Core Concepts
Clio constructs a hierarchical 3D scene graph of the environment in real-time, where the representation only retains task-relevant objects and regions.
Abstract
The paper proposes Clio, a novel approach for building task-driven 3D scene graphs in real-time with embedded open-set semantics.
The key insights are:
- Progress in vision-language models allows specifying tasks as a list of natural language instructions.
- Modern foundation models for task-agnostic segmentation provide a way to over-segment an image into a potentially large number of segments, which can be reprojected to 3D.
The authors formulate task-aware 3D scene understanding as the problem of compressing the task-agnostic primitives into a cluster of task-relevant concepts, which are maximally informative about the given tasks. This is naturally expressed using the Information Bottleneck (IB) principle.
The authors develop an Agglomerative IB algorithm to cluster the 3D primitives into task-relevant objects and regions. They integrate this algorithm into a real-time system, Clio, that constructs a hierarchical 3D scene graph of the environment as the robot explores it.
Clio is evaluated on several datasets, showing that it can construct more parsimonious and useful map representations compared to baselines, while running in real-time. The authors also demonstrate Clio's use on a real robot (Boston Dynamics Spot) for mobile manipulation tasks.
Stats
"Modern tools for class-agnostic image segmentation (e.g., SegmentAnything) and open-set semantic understanding (e.g., CLIP) provide unprecedented opportunities for robot perception and mapping."
"Recent works, including [3–7], build metric-semantic 3D maps by detecting objects and regions corresponding to a closed set of semantic labels."
"Clio not only allows real-time open-set 3D scene graph construction, but also improves the accuracy of task execution by limiting the map to relevant objects and regions."
Quotes
"While traditional closed-set metric-semantic maps were restricted to tens or hundreds of semantic classes, we can now build maps with a plethora of objects and countless semantic variations."
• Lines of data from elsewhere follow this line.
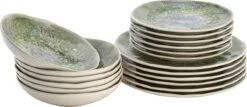 Geschikt voor 6 personen. Een complete serviesset inclusief dinerborden, diepe borden, soepkommen, gebaksborden en een saladeschaal. Alle borden en schalen zijn gemaakt van hoogwaardig beenderporselein, beter bekend als New Fine Bone Porselein. Dit is een luxe porseleinsoort van hoge kwaliteit, gemaakt volgens een speciaal procedé.
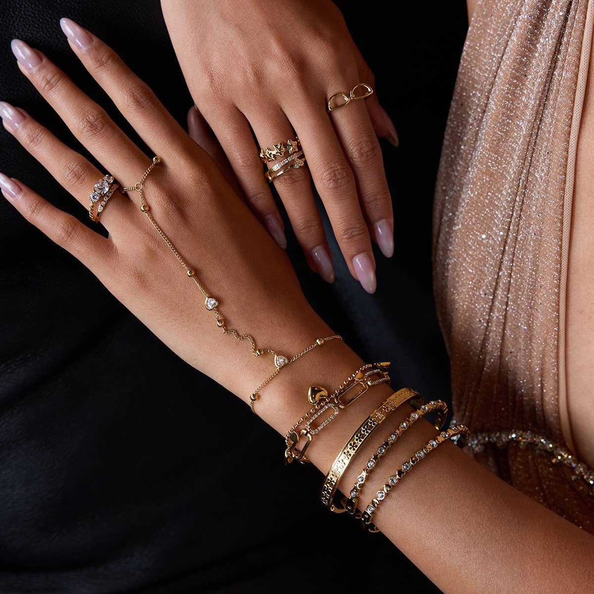 18K Gold Heart Bead Chain Bracelet, Titanium Steel_CWAJE4839
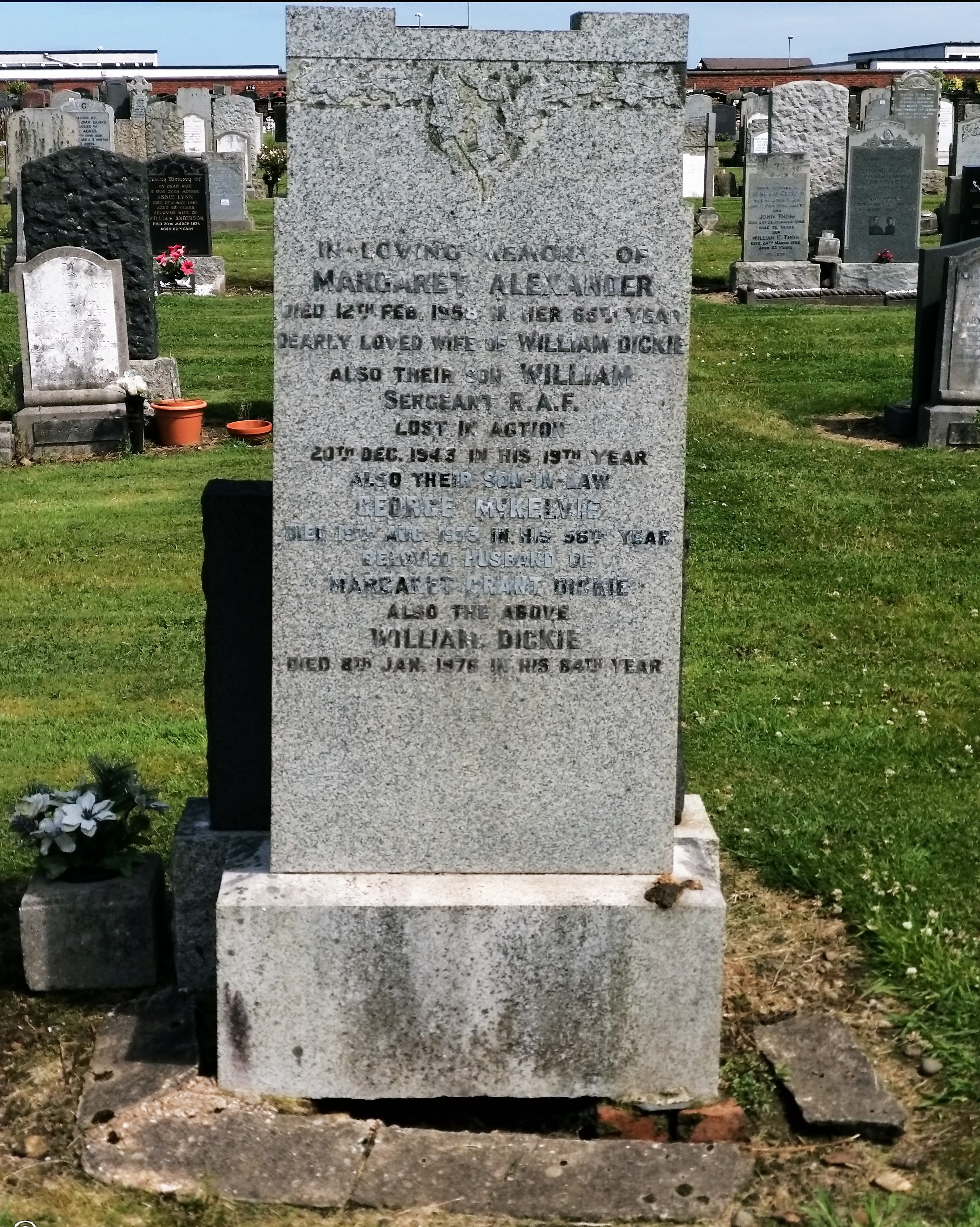 William Dickie was born 8 February 1924 in Saltcoats, Stevenston, Ayrshire, SCotland, son of William Dickie (? - 1978) and Margaret Alexander (? - 1958). He had a sister Margaret Grant (1921 - ?) - later Margaret McKelvie. Margaret was lining in Saltcoats in 2002. William attended Androssan Academy, Ayrshire. There is a memorial to him at the college. 576 Squadron Memorial Project |

"Humans not only take into account the task when (consciously or unconsciously) deciding which objects to represent and how, but are also able to consequently ignore parts of a scene that are irrelevant to the task [12]."
"Clio takes a list of tasks specified in natural language at the beginning of operation: for instance, these can be the tasks the robot is envisioned to perform during its lifetime or during its current deployment."